Children massacred. It is a time of mourning in Ukraine. The attack struck a residential area of the town of Kryvyi Rih, the birthplace of President Volodymyr Zelensky, last Friday. Twenty people were killed, including 9 children. They were out playing on a warm, sunny afternoon. Tymofii was only three years old, Radyslav and Arina seven. There was also nine-year-old Herman and fifteen-year-olds Danylo, Alina and Mykyta. Kostiantyn, who will always be sixteen. Nikita, seventeen. A harrowing, heartbreaking list. Monsignor Maksym Ryabukha, a Salesian, is the Bishop of the Donetsk Exarchate. “The Exarchate covers four regions, one of which is the Dnipro region, which includes the city of Kryvyi Rih,” he explains. “That’s why I am also the bishop of this city.”
“The city has suffered repeated rounds of heavy shelling. Friday’s attack was the latest in a series of attacks, but it was the deadliest, claiming the lives of many children and leaving numerous families devastated.”
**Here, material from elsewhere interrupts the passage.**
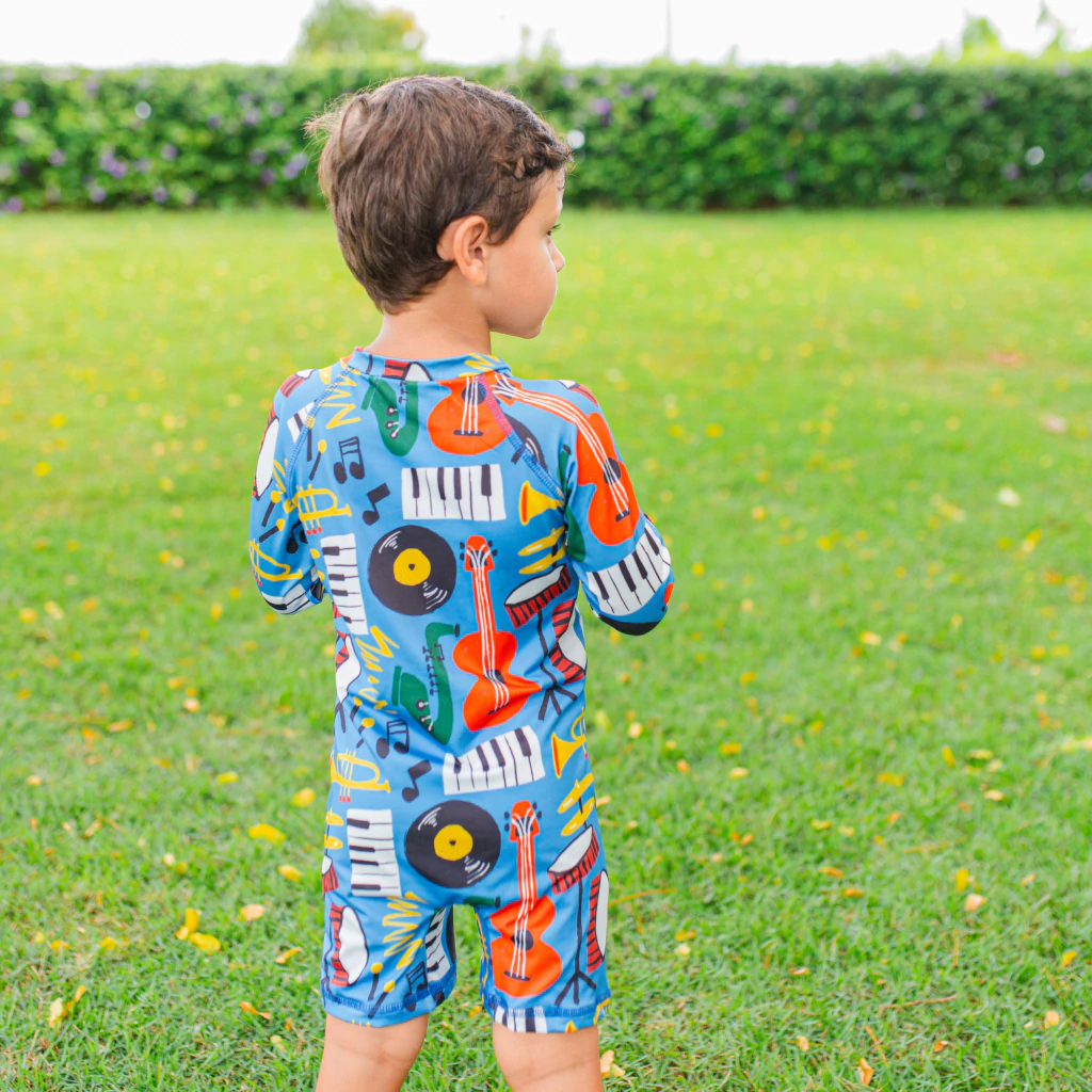 Deixe seu pequeno brilhar com o Macacão Infantil com Zíper Estampado de Instrumentos Musicais! Confeccionado em poliamida, ele apresenta uma estampa vibrante de instrumentos musicais que promete trazer a alegria da música para os dias de diversão.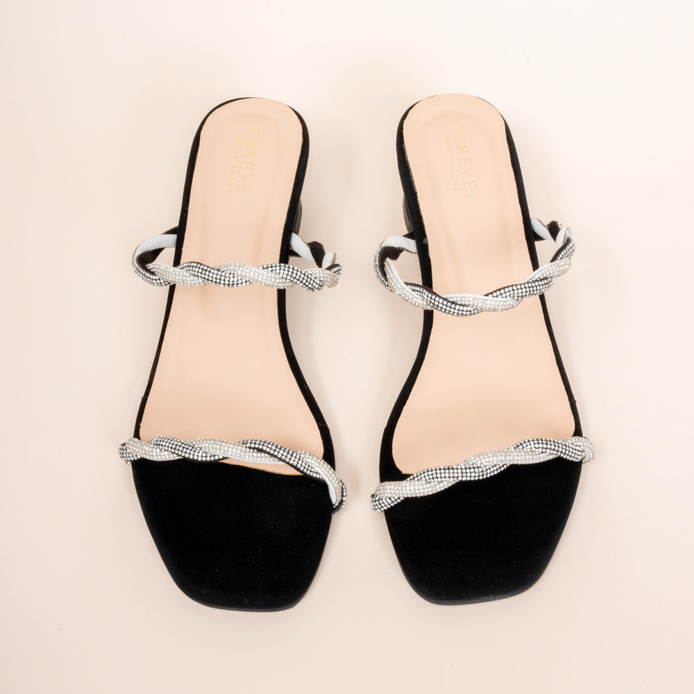 Step into the spotlight with these strappy heels, featuring twisted diamante detailing for a touch of dazzling glamour. Perfect for turning heads at any event.

Funerals were held yesterday for two 15-year-olds killed in the attack. Hundreds of mourners gathered to bid them farewell. Memorial services have been arranged for the other victims. Forty-eight people were reported wounded in the attack, including four children who are in critical conditions. Mayor Oleksandr Vilkul said the attack was the deadliest so far in the war in Kryvyi Rih, an industrial city with a pre-war population of about 600,000 that has been repeatedly targeted by Russian missiles and drones. “Though it was clear to us years ago, every day we are reminded of the heartlessness of Ukraine’s aggressors,” the bishop said. “The war they are waging is demonic, to attack human life in this way, showing no respect for it, is utterly unacceptable and has nothing to do with Christianity. When I think of those who pull the strings from behind their desks and order the bombing of residential areas, I cannot help but wonder if there is anything human about them. It’s a heartbreaking abomination.”
Next week, Ukraine will send a team to the United States to start talks on a new draft mineral deal that would give the US access to Ukraine’s valuable mineral resources. “The international arena is currently focused on the ceasefire, discussions on treaties and many other issues” the bishop said. “Unfortunately, all these talks are going nowhere. In fact, what we are witnessing is exactly the opposite: the Russian army is increasing its number of troops to 150,000. This is not a sign of a ceasefire, nor is it a sign of a willingness to sit around the negotiating table. In fact, it’s a sign of a people preparing for war on an even larger scale.”
“The question we should all be asking ourselves today is: what am I doing for peace?”, says the bishop.
He added: “In prayer we can try to discern the deepest meaning of so much suffering. All we can do is to entrust all that we endure into God’s hands. All we can do is entrust to God’s hands the lives that others are trying to take from us. But in spite of the demonic intent to inflict pain, we have faith that God our Father welcomes into His arms all those who have died, all the victims of this senseless war. But we, who are still pilgrims in this wounded land, are faced with the question, ‘What am I to do?’”
The bishop expresses a term that, as he says, no one wants to hear, namely, the “conversion of Russia.” “This is a phrase that someone should have the courage to utter: to say openly what is wrong with what is being done, and to point out what needs to be changed. When someone will have the courage to say this, the world will begin to change. Not until then.” “Faced with this reality of war,” Monsignor Ryabukha continues, “we are completely powerless. There is nothing we can do. But even in this state of utter powerlessness, there is something that no one can take away from us. After Pentecost, when the first Christians went out to proclaim the Good News, someone much more powerful than their voices persecuted them. That someone was Saul. But God stopped him, He transformed his life, He brought him to conversion.”
“I firmly believe that even if the world is unwilling and unable to do anything to stop the enemy of life, sooner or later even this war will end because God will intervene. And my people, after so much unjust and undeserved pain and suffering, will finally see the light, they will finally enjoy freedom and the dignity of human life.”